# Data Processing
## 1) Get and convert the data
### SNIPS
First, download the data pre-processed by [(Goo at al, 2018)](https://www.aclweb.org/anthology/N18-2118/) from their 
[GitHub](https://github.com/MiuLab/SlotGated-SLU/tree/master/data/snips).

Then, merge files in the `train`, `valid`, `test` subdirectories to get three files : `label`, `seq.in` and `seq.out`.
```bash
git clone https://github.com/MiuLab/SlotGated-SLU/
cd SlotGated-SLU/data/snips
for f in label seq.in seq.out
do
cat train/$f valid/$f test/$f > $f
done
```

Finally, run the [process_snips.py](process_snips.py) script to convert these files to TSV format.

### TOP
First, download the data from the Facebook Dialog Corpus [website](http://fb.me/semanticparsingdialog).

Then, concatenate `train.tsv`, `eval.tsv` and `test.tsv`.

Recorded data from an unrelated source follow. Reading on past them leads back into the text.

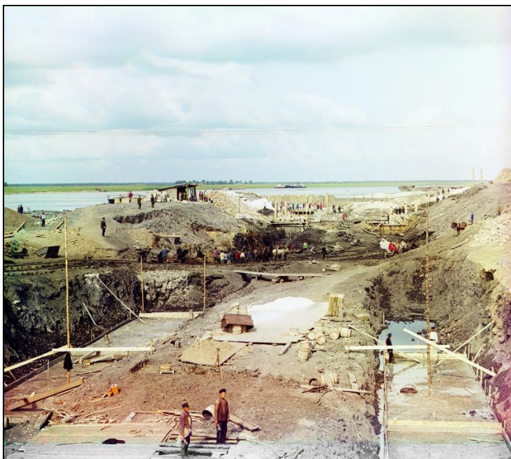
Работа по постройке Кузьминского шлюза. 1912 г.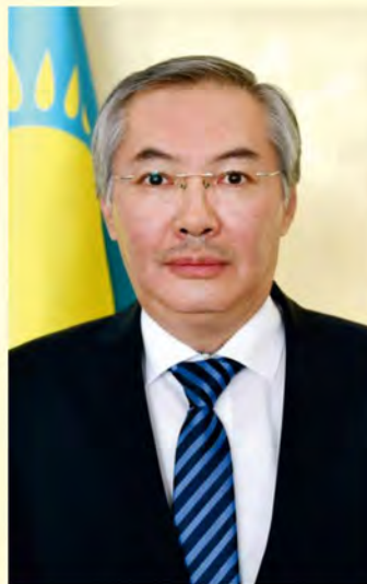
JE Alim Kirbayew, ambasador Republiki Kazachstanu w Polsce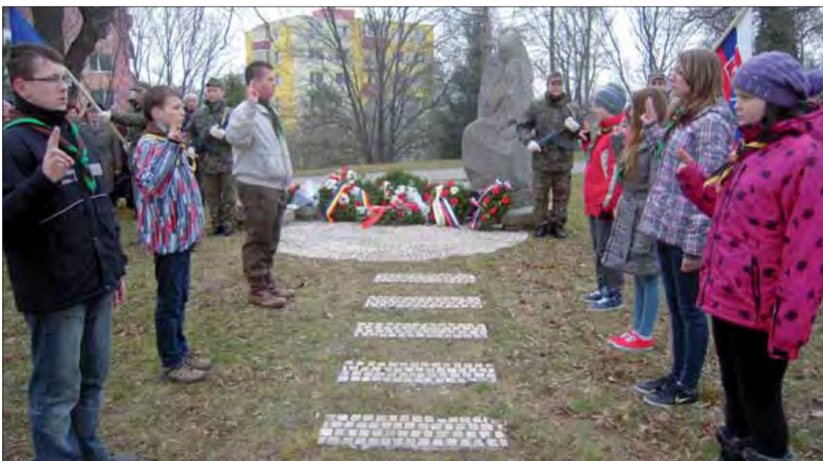
V Rakoluboch nechýbali na pietnej spomienke ani žiaci.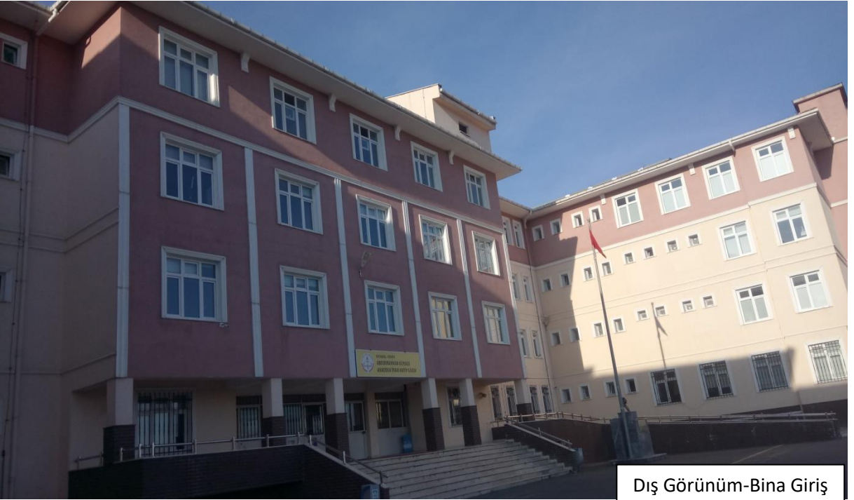
Dış Görünüm-Bina Giriş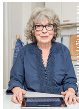
Le nombre de seniors qui utilisent internet a augmenté.

Pro Senectute a chargé l'Institut de gérontologie de l'Université de Zurich de mener une étude sur l'utilisation d'internet et des appareils portables chez les personnes de 65 ans et plus. L'étude montre que le nombre de seniors qui utilisent internet a augmenté de moitié depuis 2010 et qu'un tiers d'entre eux possèdent une tablette ou un smartphone. Les personnes âgées qui utilisent internet se sentent socialement mieux intégrées et pensent qu'internet les aidera à rester plus longtemps indépendantes. Par contre, celles qui ne s'intéressent pas aux nouvelles technologies sont toujours davantage coupées des informations et des services.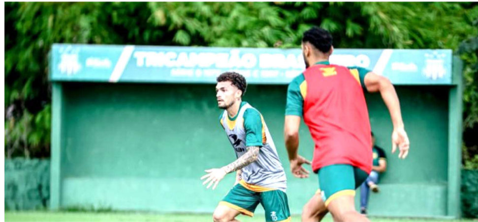
SAMPAIO ESTÁ SE PREPARANDO PARA ENFRENTAR O TOCANTINÓPOLIS

ALTOS: 23 pontos. Joga contra Parnahyba (em casa), Tocantinópolis (fora) e MAC, em casa. IMPERATRIZ: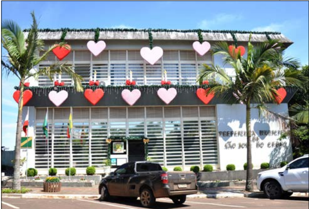
Trabalhos foram intensificados nos últimos dias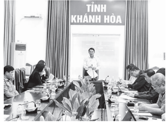
● Phó Chủ tịch UBND tỉnh Đinh Văn Thiệu phát biểu kết luận cuộc họp.

Sáng 19-12, đồng chí Đinh Văn Thiệu - Phó Chủ tịch UBND tỉnh chủ trì cuộc họp với các thành viên Ban Chỉ đạo Phát triển du lịch tỉnh về kết quả thực hiện Chương trình hành động ngành Du lịch tỉnh năm 2024 và phương hướng, nhiệm vụ năm 2025.

Finally, run the [process_top.py](process_top.py) script to convert the concatenate file to our TSV format.


### DSTC8

Run `download_and_preprocess_dstc8.sh`.

## 2) Remove long utterances

Run [remove_long_utterances.py](remove_long_utterances.py) to remove utterances that are too long in terms of subword 
units. Doing so speeds up the the training significantly while keeping most of the utterances.

## 3) Remove utterances without entities

Run [remove_all_other.py](remove_all_other.py) to remove utterances without any entities.

## 4) Splitting train, dev, test

To create the meta-partitions, run [split_train_dev_test.py](bin/split_train_dev_test.py).